A new paper examines whether the participation of citizens enhances officials' leadership in Norway.

Words: Emily Tamkin
Pictures: Sandro Kradolfer
Date:

We assume that participatory governance arrangements — where policy development includes citizens — help strengthen elected officials’ leadership capacity. But do they really? That’s the question at the core of a new paper from Marte Winsvold and Signy Irene Vabo published last month in Governance: An International Journal of Policy, Administration, and Institutions. 

Winsvold and Vabo define political leadership as an activity that involves helping a group of people “create and realize commonly shared goals.”

In a democracy, the authors believe, “it is vital that the elected representatives, who manage the community’s shared resources, have the capacity to exercise political leadership, as the lack of leadership capacity would prevent the community from developing in a collectively defined direction.”

They say political leadership includes identifying issues that need addressing through collective action; finding solutions to communal problems; and gathering support for implementation of policies. 

They take a mixed methods approach and use a survey of over 2000 Norwegian local councilors from municipalities and subsequent case studies looking at two municipalities.

“Politicians were especially ambivalent about interactive arrangements that might interrupt the traditional way of ‘doing political leadership.'”

“Norwegian local governments have a broad responsibility for welfare services in a highly decentralized social–democratic welfare state,” the authors explain. “Hence, Norwegian local governments represent vital political systems where the effect of participatory governance arrangements on political leadership matters; therefore, they are suitable as cases for investigating the relationship between such arrangements and political leadership.”

Norway it is, then.

“Giving Power Away”

The authors found that, in fact, sharing power through interactive arrangements, where politicians and citizens work together to develop policies, is actually associated with lower perceptions of political leadership capacity than “giving power away through distributive arrangements,” where groups of citizens are delegated political competencies.  

Politicians were especially ambivalent about interactive arrangements that might interrupt the traditional way of “doing political leadership.” And the lowered perception for political leadership capacity was tied to the reality that, in interactive arrangements, politicians are still responsible for matters over which they no longer have control.

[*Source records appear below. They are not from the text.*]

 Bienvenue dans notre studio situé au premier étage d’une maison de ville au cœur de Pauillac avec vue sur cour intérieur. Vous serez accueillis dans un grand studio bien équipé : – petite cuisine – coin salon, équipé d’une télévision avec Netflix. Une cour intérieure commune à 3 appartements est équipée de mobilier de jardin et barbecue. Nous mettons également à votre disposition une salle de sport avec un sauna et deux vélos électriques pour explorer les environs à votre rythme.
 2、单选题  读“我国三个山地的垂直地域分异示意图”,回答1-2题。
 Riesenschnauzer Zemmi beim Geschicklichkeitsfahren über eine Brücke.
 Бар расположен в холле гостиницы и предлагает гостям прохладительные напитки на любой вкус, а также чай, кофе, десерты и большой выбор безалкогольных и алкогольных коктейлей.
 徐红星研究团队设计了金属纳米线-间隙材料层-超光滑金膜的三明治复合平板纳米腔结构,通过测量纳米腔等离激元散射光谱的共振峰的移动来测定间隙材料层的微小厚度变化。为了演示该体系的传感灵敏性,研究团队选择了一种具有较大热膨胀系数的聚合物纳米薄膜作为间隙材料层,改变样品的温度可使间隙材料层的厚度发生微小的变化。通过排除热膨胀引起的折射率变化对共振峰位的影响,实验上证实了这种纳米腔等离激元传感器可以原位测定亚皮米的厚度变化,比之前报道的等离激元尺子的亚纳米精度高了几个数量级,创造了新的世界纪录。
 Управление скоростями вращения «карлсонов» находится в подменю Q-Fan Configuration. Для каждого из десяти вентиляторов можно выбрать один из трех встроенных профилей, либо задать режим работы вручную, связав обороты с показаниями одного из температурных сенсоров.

Case studies as well as statistical analysis revealed that “politicians in the interactive municipality felt that the interactive participatory governance arrangements somewhat detracted from their ability to set agenda, whereas politicians in the distributive municipality believed that the distributive arrangement left their agenda-setting abilities untouched.”

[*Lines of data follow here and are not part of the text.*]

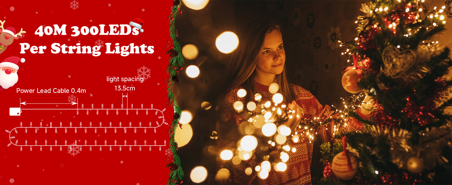 Stretching 40 meters and equipped with 300 high-brightness LED bulbs, this fairy lights string provides abundant, sparkling illumination. Perfect for decorating large trees, patios, or indoor spaces, it creates a festive and magical holiday atmosphere.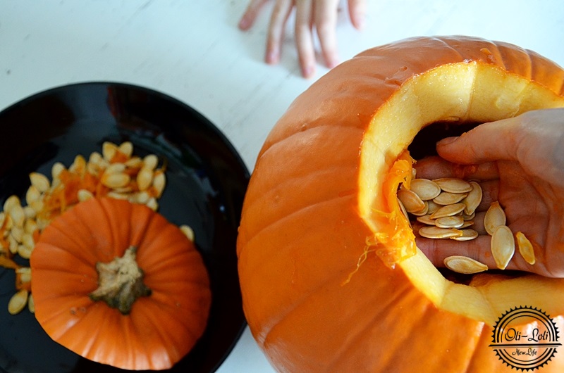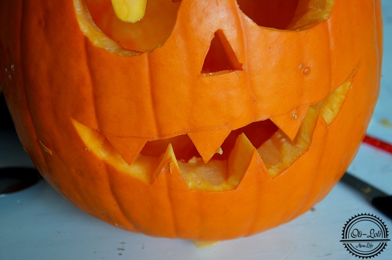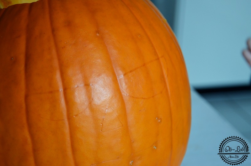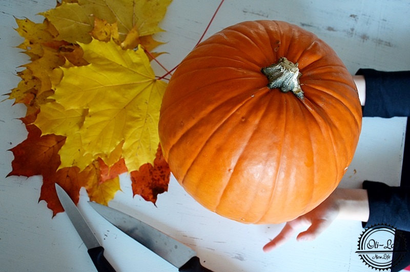 Niewątpliwym symbolem Halloween jest lampion z dyni, dlatego w tym roku za namową Oliwiera postanowiłam stworzyć własny. Młody widuje od kilku dni na wystawach sklepowych takie cudeńka więc sam również chciał mieć takiego straszaka w domu. W Spielgruppe również od ponad tygodnia królują duszki, pajączki i halloweenowe smakołyki więc czemu nie? W satanistów się bawić nie będziemy, wiary nie zmieniamy, rytualne obrzędy też nie dla nas – to tylko zabawa jak każda inna. Halloween nie jest polskim świętem, dlatego dyskusja na ten temat w naszym kraju jest dość burzliwa. Ten dzień ma oczywiście swoich zwolenników i zagorzałych przeciwników, a ja jestem gdzieś pomiędzy. Dlatego nie widzę nic złego w tym, aby wykorzystać niektóre tematyczne motywy do jesiennej dekoracji mieszkania.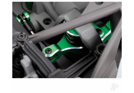 The Traxxas TRX77097-4-GRNX X-Maxx Ultimate 8S brushless monster truck features a heavily reinforced aluminium chassis that enhances structural integrity across all performance zones. This includes the suspension arms, steering bellcrank, and drivetrain supports. These upgrades are precision-machined to withstand high-impact landings, aggressive terrain, and sustained high-speed driving. The aluminium components reduce flex and improve responsiveness, allowing the truck to maintain stability and control even under extreme conditions. This level of durability is essential for serious off-road enthusiasts who push their vehicles to the limit.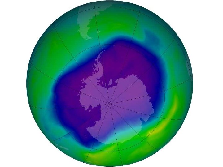 Uništavanje ozonskog omotača • Ozon štetno deluje na organizam čoveka. Njegova količina u vazduhu povećava se s visinom i dostiže maksimum u stratosferi. Ozon ima osobinu da upija UV zrake i na taj način štiti živi svet na Zemlji od prekomerne Sunčeve radijacije. • U poslednjih nekoliko decenija primećeno je oštećenje ozonosfere. Na nekim mestima ona je veoma razređena i ti delovi atmosfere nazivaju se ozonske rupe. Ozon je najoštećeniji iznad jugoistočne Australije, Novog Zelanda, Antarktika i Arktika. • Osnovni uzrok uništavanja ozonskog sloja je emitovanje CFC (hlorfluorougljovodonik) jedinjenja, koja sadrže atome hlora, fluora, broma i ugljenika. U dodiru sa ozonom oni mu pri hemijskim reakcijama uzimaju jedan atom pretvarajući ga u O 2 koji gubi moć upijanja UV zraka. Jedan atom hlora uništi do 100000 molekula ozona. • CFC jedinjenja se nalaze u raznim sprejevima, rashladnim i protivpožarnim uređajima i mlaznim avionima. • Svake god. koncentracija CFC jedinjenja raste za 5%. Međunarodna zajednica donela je 1985. god. u Beču konvenciju o zaštiti ozona.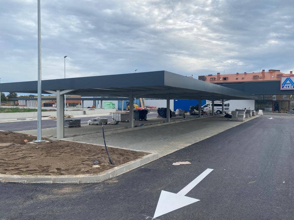 Supermercado Aldi ha contado con el Grupo Europa Prefabri para realización de los trabajos de fabricación e instalación de un nuevo proyecto de marquesinas de aparcamiento, en la ciudad de Gijón.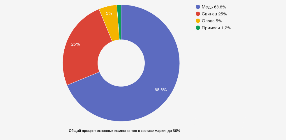 Медь как основной элемент сплава в маркировке не указывается, поскольку подразумевается, что она составляет основу любой бронзы. В данном случае содержание меди составляет примерно 70%, что определяется как остаток после учета легирующих элементов и допустимых примесей.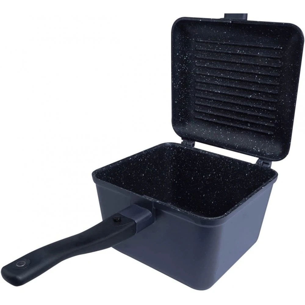 The Connect Deep Pan & Griddle XL Granite Edition features detachable cool-touch handles and a detachable hinge system that transforms one pan into two – a deep sided saucepan and a separate griddle pan.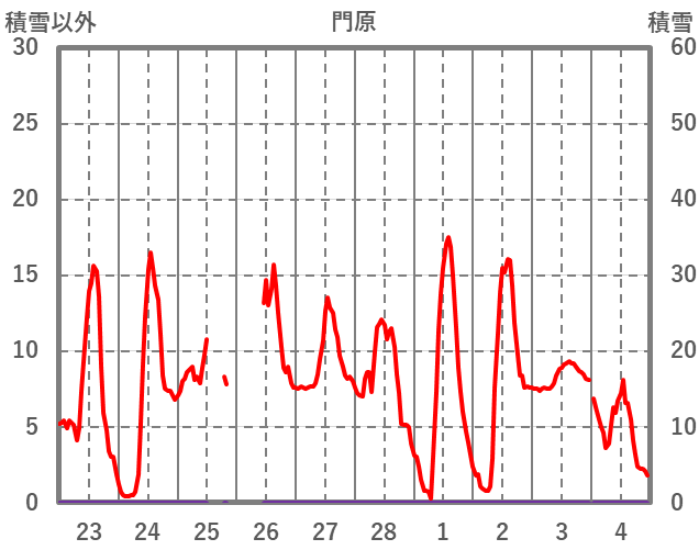 | 日 | 時 | 気温 | 降水 | 風向/風速 | 日照 | 積雪 | 降雪 |
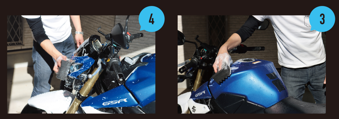 基本的に水をかける方向はバイクが走るときを意識して、前&上からであれば安心だ。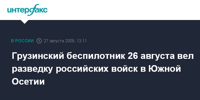 Москва. 27 августа. INTERFAX.RU - Грузинский беспилотник в минувший вторник в нарушение существующих договоренностей проводил разведку над Южной Осетией, сообщают в Генштабе ВС РФ.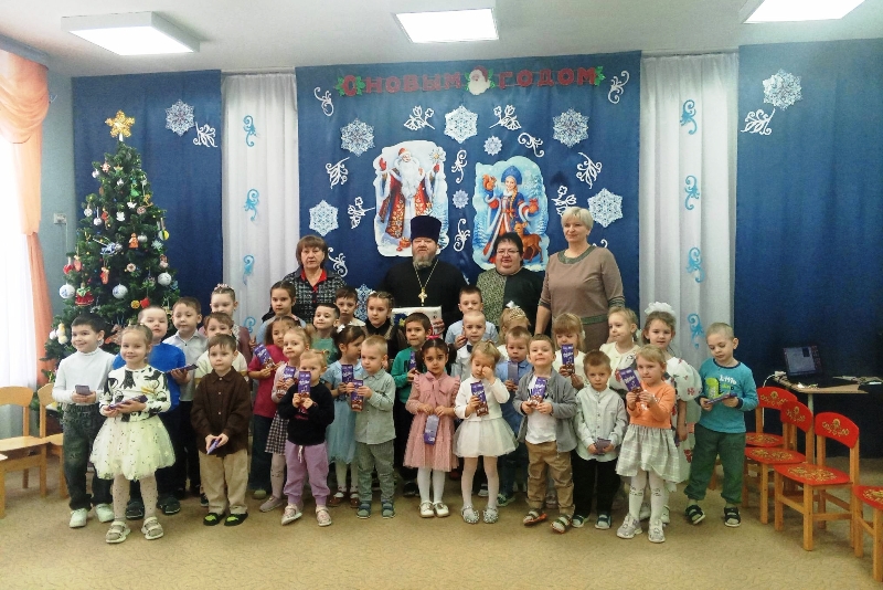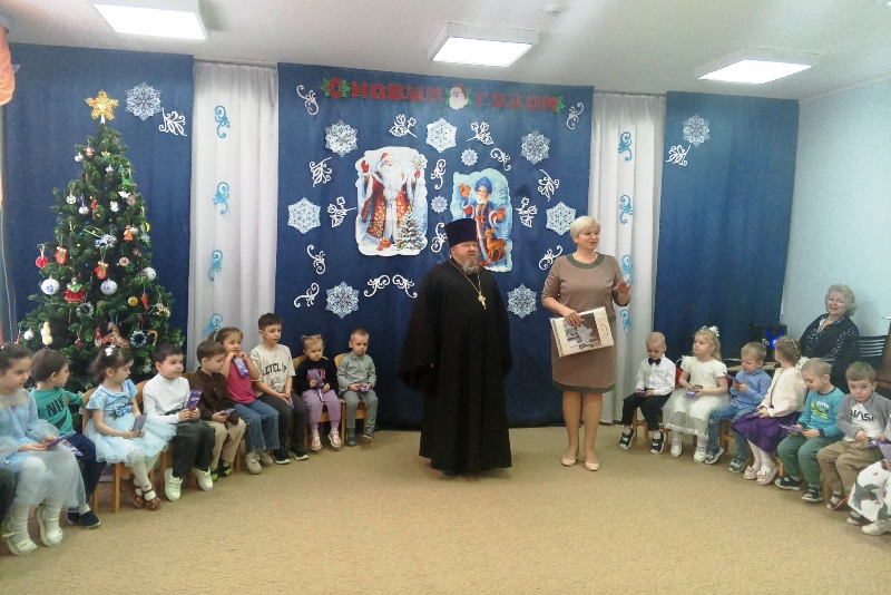22 января настоятель храма святителя Митрофана, первого епископа Воронежского, села Верхний Мамон Богучарского благочиния, протоиерей Сергий Чибисов, вместе со своей матушкой Надеждой, посетил МКДОУ «Верхнемамонский детский сад № 2».

The authors conclude that the apparent perception of sharing power is more disempowering than giving power away.

The authors suggest two mechanisms account for this. First, that the obligation “to share power with citizens prevented politicians in the interactive municipality from acting in line with the norms of representative democracy.”

Second, that “in the interactive setting, the loss of power was more visible to politicians, because they were continuously and actively engaged in the process of sharing it.”

While the authors feel that their study offers an important contribution to our understanding of participatory government arrangements, they feel future research should look further at other contextual factors that may come into play with perceptions of political leadership.